George James Cowley-Brown, M.A. (1832–1924) was an Anglican clergyman and author who served in both the Church of England and the Scottish Episcopal Church.

Life
The eldest son of George Francis Brown, he was educated at Christ Church, Oxford, where awarded a Bachelor of Arts degree in 1854 and a Master of Arts degree in 1857.

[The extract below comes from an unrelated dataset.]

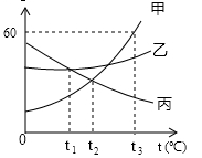 | D.t2℃時(shí),甲、乙、丙三種物質(zhì)飽和溶液的溶質(zhì)質(zhì)量分?jǐn)?shù)相等 |

He was ordained in the Anglican ministry as a deacon in 1855 and a priest in 1858. He served as a curate at Bladon-cum-Woodstock, Oxfordshire, 1855–1867; during which time he became domestic chaplain to the Duke of Marlborough in 1858. His next three appointments were Rector of Shipton-on-Cherwell, Oxfordshire, 1867–1874; Rector of Buckhorn-Weston, Dorset, 1874–77; and Rector of St Edmund's, Salisbury, Wiltshire, 1877–83. He became Rector of St John's, Edinburgh in 1883 and a canon of St Mary's Cathedral, Edinburgh in 1898. He retired in 1909. He lived at 9 Grosvenor Street in the western part of the city.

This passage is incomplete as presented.